** MATERIAL TO PROCESS follows **

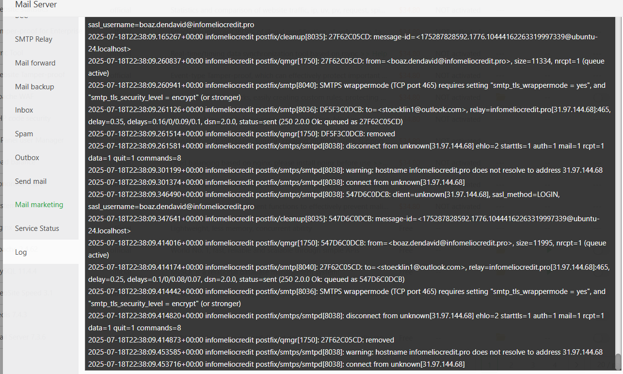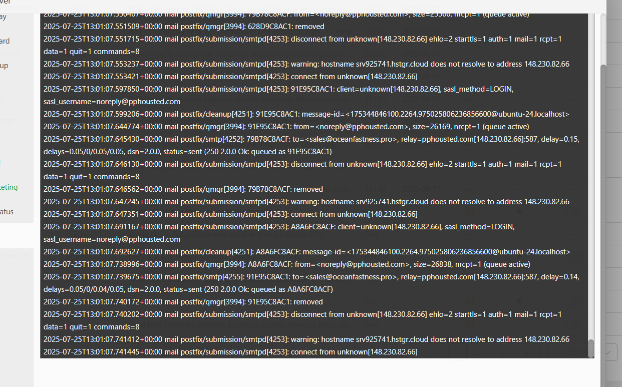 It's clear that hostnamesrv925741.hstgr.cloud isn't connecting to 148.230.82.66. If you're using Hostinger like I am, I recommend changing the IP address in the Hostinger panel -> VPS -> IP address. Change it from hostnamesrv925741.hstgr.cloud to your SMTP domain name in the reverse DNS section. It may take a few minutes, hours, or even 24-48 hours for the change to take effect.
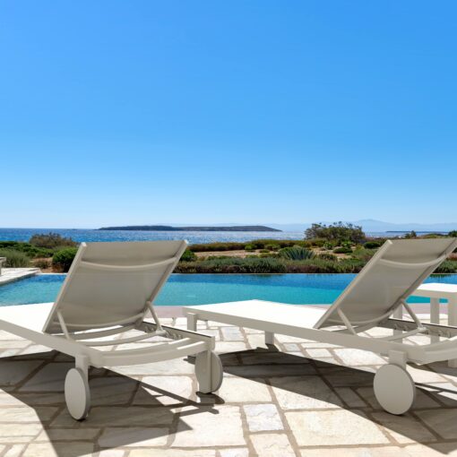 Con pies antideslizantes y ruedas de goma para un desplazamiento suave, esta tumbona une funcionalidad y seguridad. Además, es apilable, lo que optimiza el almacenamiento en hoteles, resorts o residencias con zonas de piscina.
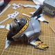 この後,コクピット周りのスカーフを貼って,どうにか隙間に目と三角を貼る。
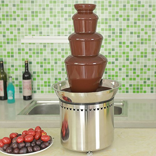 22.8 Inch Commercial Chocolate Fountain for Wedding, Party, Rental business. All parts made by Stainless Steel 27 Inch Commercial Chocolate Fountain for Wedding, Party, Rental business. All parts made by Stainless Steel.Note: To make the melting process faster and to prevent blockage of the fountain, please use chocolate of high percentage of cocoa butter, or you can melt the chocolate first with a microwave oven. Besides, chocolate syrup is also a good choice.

** End of MATERIAL TO PROCESS **
** MATERIAL TO PROCESS follows **

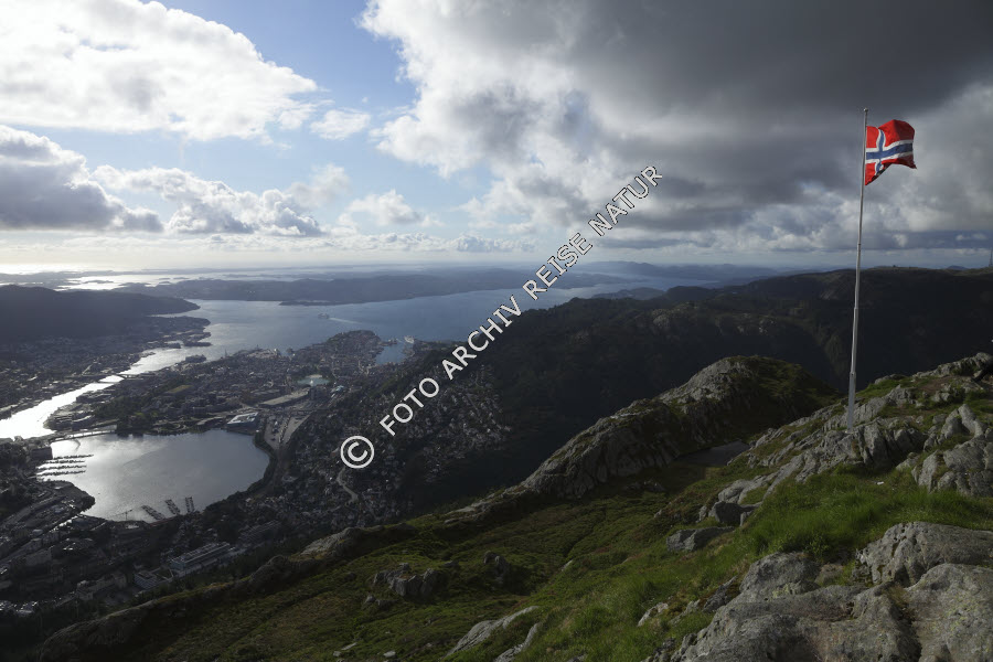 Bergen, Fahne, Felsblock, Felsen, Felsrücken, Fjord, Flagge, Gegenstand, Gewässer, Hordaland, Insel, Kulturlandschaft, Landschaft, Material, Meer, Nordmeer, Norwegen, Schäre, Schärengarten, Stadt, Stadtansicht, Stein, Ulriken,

** End of MATERIAL TO PROCESS **
** MATERIAL TO PROCESS follows **

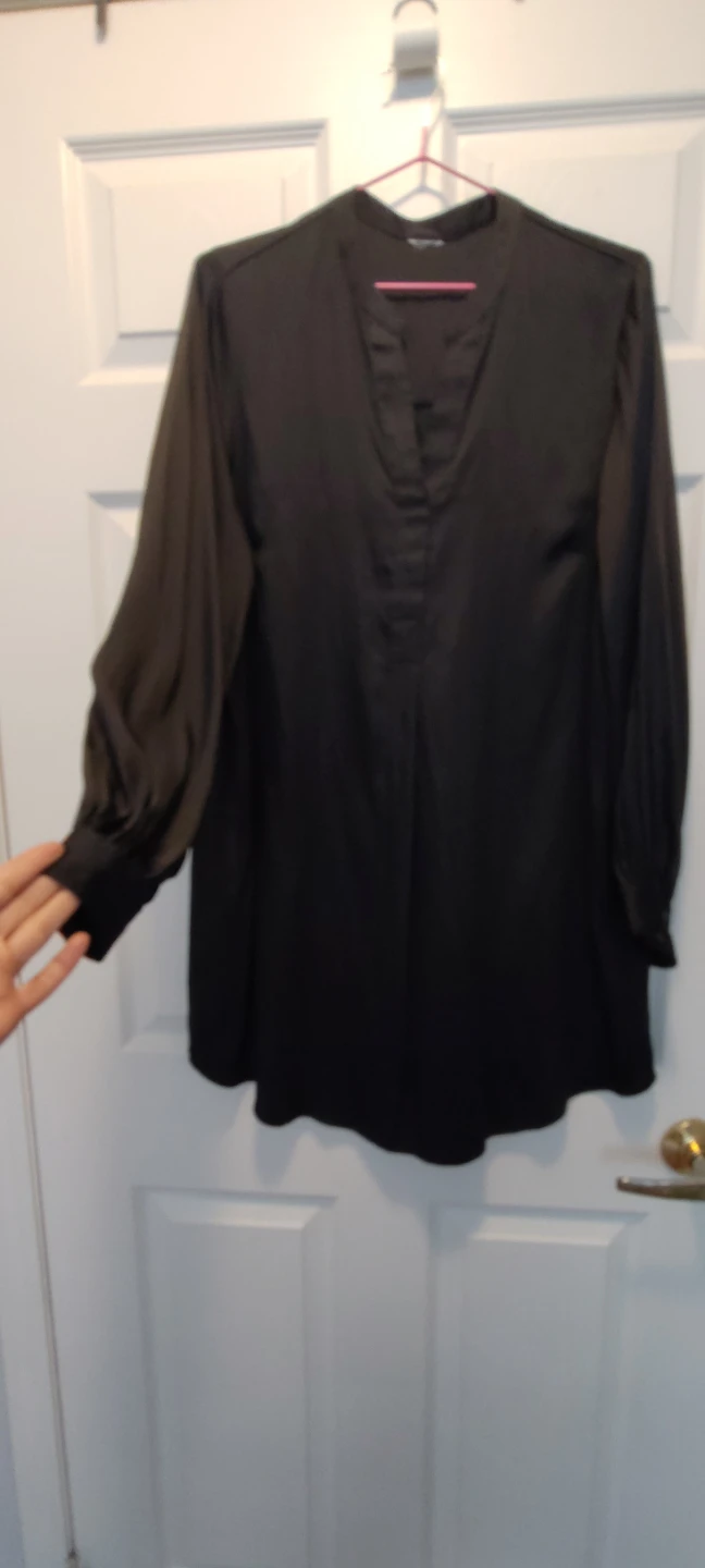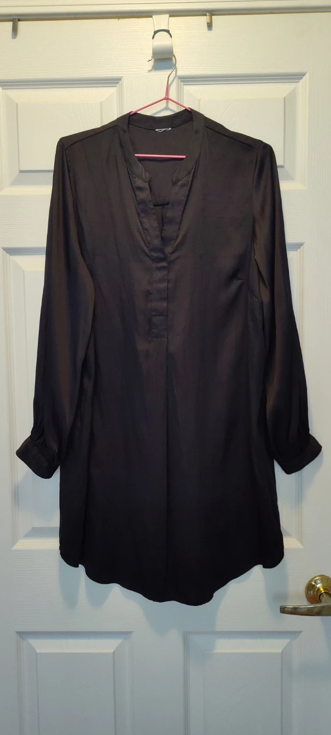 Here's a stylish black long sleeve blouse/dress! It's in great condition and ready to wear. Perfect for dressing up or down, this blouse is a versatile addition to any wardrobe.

** End of MATERIAL TO PROCESS **

* WHAT TO WORK ON *
The answer is those lines of the material above that run from the one containing "Con pies antideslizantes" up to and including the one containing "この後,コクピット周りのスカーフを貼って,どうにか隙間に目と三角を貼る。", restated exactly and without images.

* RESPONSE TO THIS TASK *
 Con pies antideslizantes y ruedas de goma para un desplazamiento suave, esta tumbona une funcionalidad y seguridad. Además, es apilable, lo que optimiza el almacenamiento en hoteles, resorts o residencias con zonas de piscina.
 この後,コクピット周りのスカーフを貼って,どうにか隙間に目と三角を貼る。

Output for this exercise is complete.